In January 2010, he came out of retirement to sign with Hungarian club Ferencvárosi TC in a coaching capacity, then managed by Craig Short. He played 15 Nemzeti Bajnokság I (top flight) games in 2009–10, also featuring four times in 2010–11 under László Prukner.

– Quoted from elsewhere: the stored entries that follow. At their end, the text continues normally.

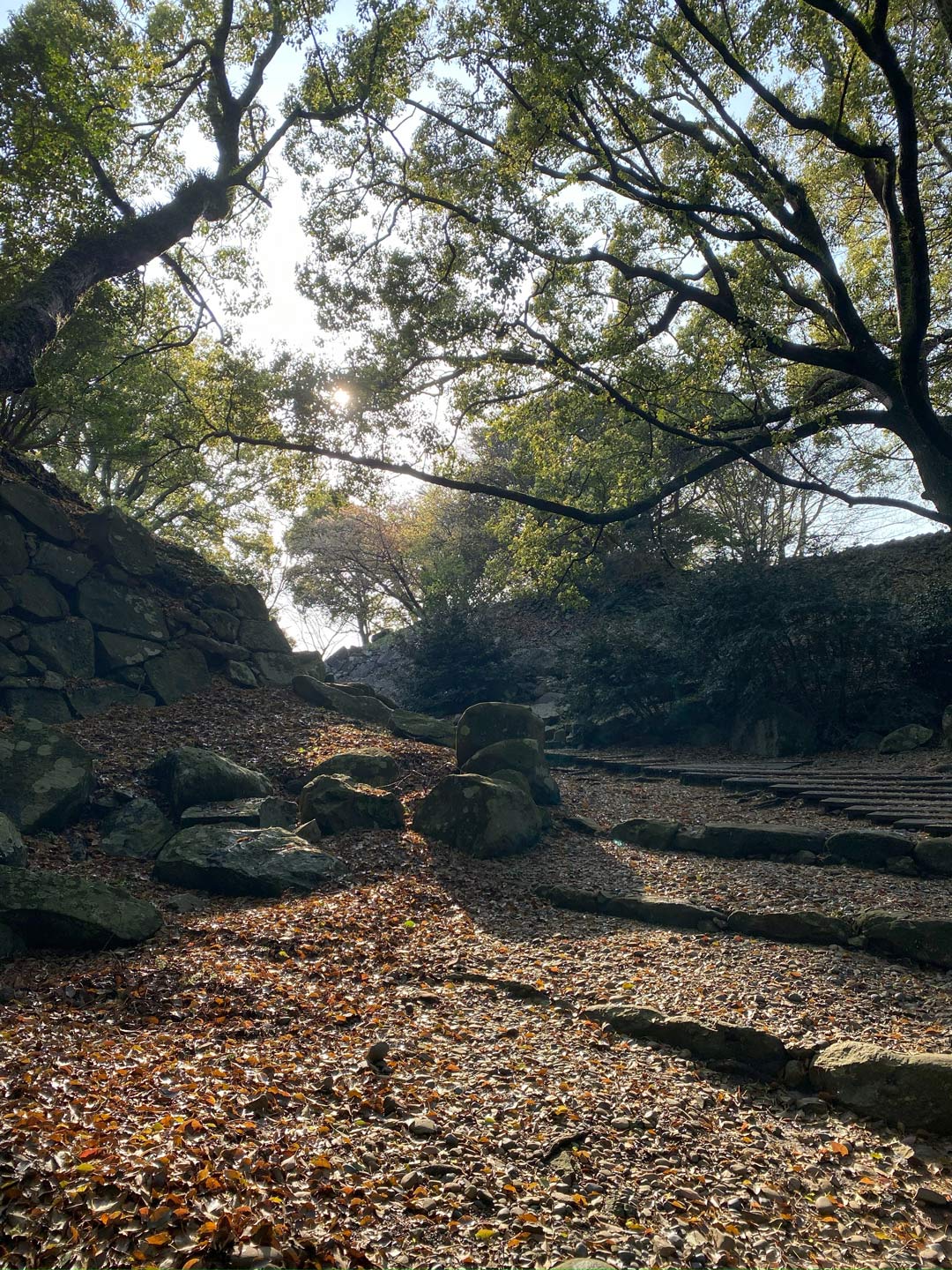 名護屋城の本丸大手口の現状。江戸初期に石垣の要所が崩されながらも、いまの往時のスケールがよく伝わる。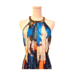 Ranna Gill Tropicalia Beaded Halter Pleated Satin Maxi Dress Small Semi Formal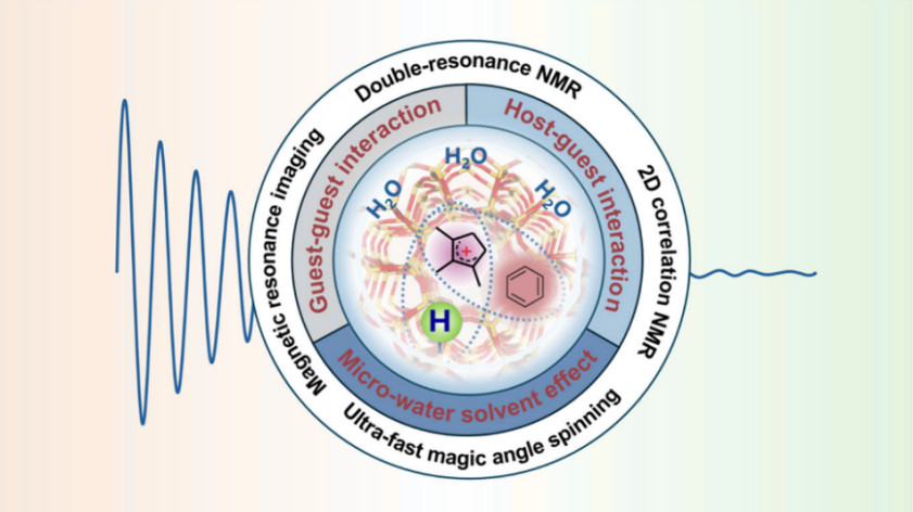 沸石分子筛是石油化工生产中应用最为广泛的一类催化材料。其纳米孔道内的限域效应使得主-客体、客体-客体以及环境介质(如水)之间微弱的分子间相互作用被显著放大,从而深刻影响反应路径、选择性和催化剂寿命。然而,这些相互作用在实验上难以捕捉和量化,其具体作用机制与调控规律不断是该领域的重大挑战。近年来,该研究团队围绕上述挑战,在高分辨、高灵敏固体NMR方法学领域取得了一系列重要突破并成功将其应用于沸石催化体系的研究中。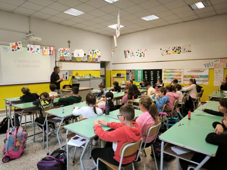 Gli alunni della classe quarta Primaria Campostrini di Montorio hanno approfondito l’antica civiltà babilonese attraverso un viaggio nella città di Babilonia, vista attraverso le rovine ancora oggi esistenti e le relative ricostruzioni elaborate dagli archeologi. In seguito hanno effettuato un laboratorio pratico in cui ciascuno ha creato una tavola grafica con la rappresentazione di una piastrella della famosa porta di Ishtar..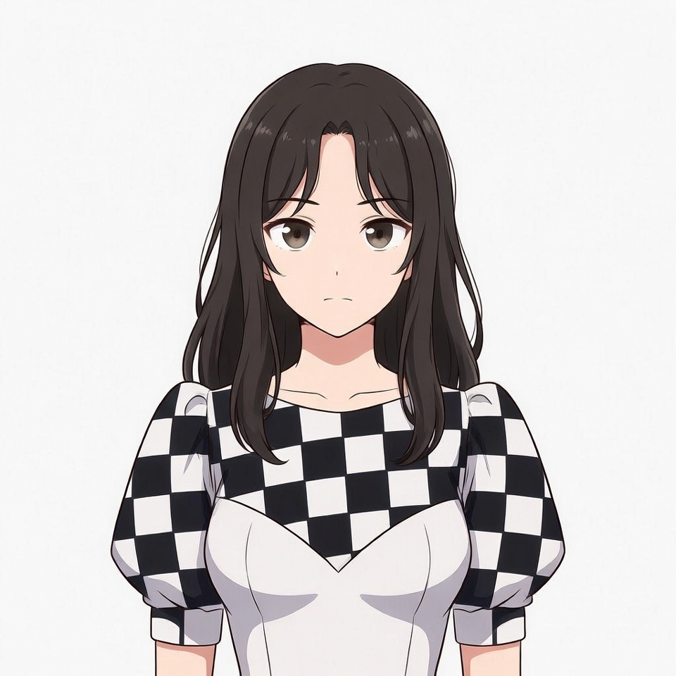 Asian, anime character, black hair, brown eyes, checkered blouse, checkered pattern, cute girl, female, front view, illustration, isolated background, long hair, manga style, portrait, puffed sleeves, white blouse, young woman, anime girl

In January 2011, he joined Conference North club Telford United. However, without making a single first-team appearance for the "Bucks", Stockley signed for league rivals Droylsden the following month – to the frustration of Telford manager Andy Sinton. Later in the year he travelled to the US to sign with F.C. New York of the newly formed USL Pro (third tier). They fared poorly in 2011, not reaching the playoffs, having finished fifth in the six-team division. Professional football did not return to the Belson Stadium in 2012, as the club did not enter a league competition. In April 2012, Stockley signed for the Carolina RailHawks of the North American Soccer League for the 2012 season.

==Coaching career==
Stockley had helped to coach the academy at Wycombe Wanderers, Port Vale and Ferencvárosi but got his first full-time coaching role as Director of Raleigh at Triangle Futbol Club from 2012 to 2014. He spent 2013 to 2017 as assistant first-team coach at Carolina RailHawks and also coached girls' football for the North Carolina FC Youth. In January 2017, he was recruited to the Xavier Musketeers coaching staff by Kacey White. Eight months later he was appointed as the new Girls' Technical Director and Associate Girls' Development Academy Director at the West Florida Flames. He later went on to scout for the United States national soccer team. He was appointed head of coaching at Cymru North club Llandudno in August 2020.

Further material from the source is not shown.